Tuesday, June 23rd 2009, 2:45 PM

Most reasonable people believe that President Mahmoud Ahmadinejad's reelection was a fraud, and that the leaders of Iran have lost any right they had left to rule. But there are still many people in America and Europe who do not entirely grasp how far the regime is willing to go in order to hold on to power.

It is to such people that I address my story.

After graduating high school in Tehran, I joined the Revolutionary Guard and served as a lieutenant in the Quds force. I eventually moved on to Ansar-e Hezbollah and became political secretary. Our loyalty was to supreme leader Ayatollah Ali Khamenei, and, among other things, my comrades and I attacked members of then-President Mohammad Khatami's cabinet.

It was in 1999, just after I resigned from Ansar-e Hezbollah, that I was first arrested.

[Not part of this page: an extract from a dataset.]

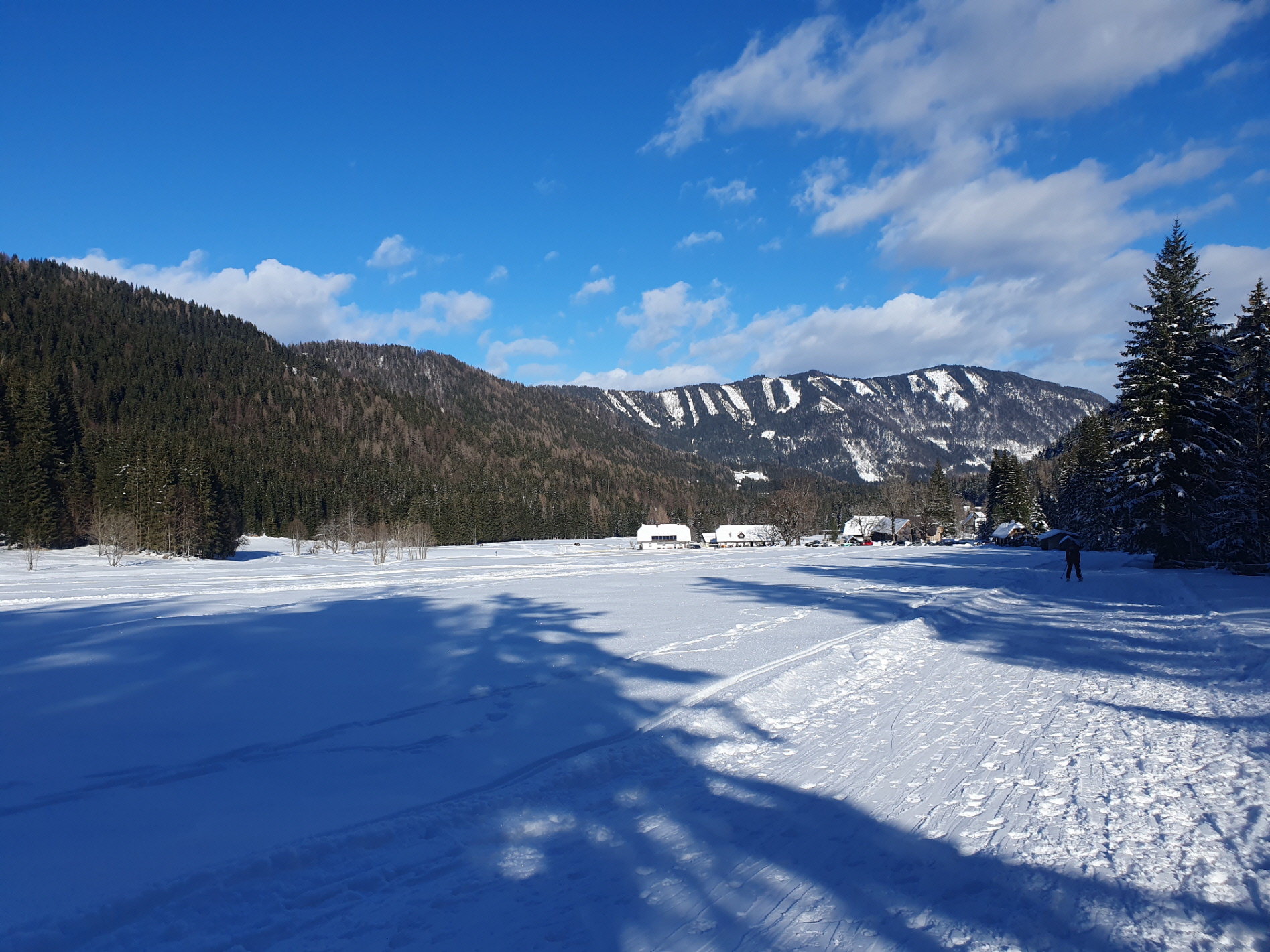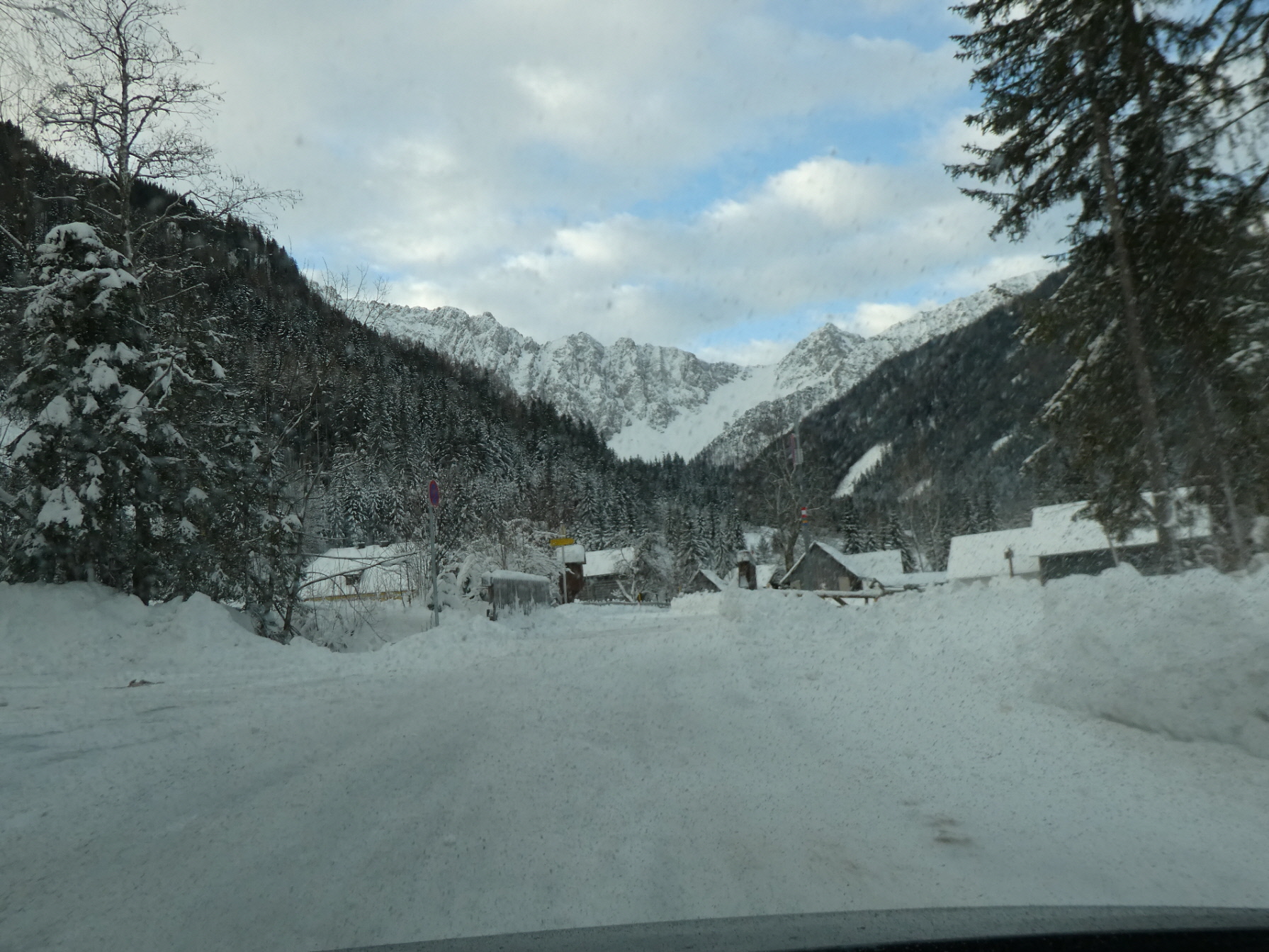 An der Staatsgrenze zu Slowenien ist das letzte Niederschlagsereignis am intensivsten ausgefallen. Zudem war für den heutigen Tag nur für den Süden der Republik halbwegs schönes Wetter prognostiziert. Daher haben wir eine längere Anreise eingeplant, um wieder einmal vom Bodental aus auf Tour zu gehen. Und diese Anreise hatte es – zumindest für unseren Fahrer Gerhard – in sich. Nachdem Blitzeis die halbe Republik lahmgelegt hatte, hat uns bei der deshalb temporeduzierten Anfahrt sowohl im Lavanttal als auch im Bereich Klagenfurt noch zweimal ein Eisregen erwischt. Die Straße in Richtung Loiblpass sowie auch weiter hinein ins Bodental war aber problemlos befahrbar.

That July we were ordered to attack student demonstrators at Tehran University. I refused to take part and quit my unit in protest. Ten days later, I was abducted by several plainclothes agents, among them Col. Akbar Sharafi, a police intelligence officer whom I knew when we were both on the same side of the fight.

For most of the next five years, I was imprisoned in secret detention facilities around Tehran. More than a year and a half of that time I was held in solitary confinement. My cell was a space roughly the size of a coffin

I was physically and psychologically abused on a regular basis. I was whipped repeatedly with cable wires and beaten over and over. I was denied any contact with the outside world. My family was threatened, and my grandfather arrested. I was forced to confess to all sorts of trumped-up charges, including having sexual relations with my lawyer, Nobel laureate Shirin Ebadi.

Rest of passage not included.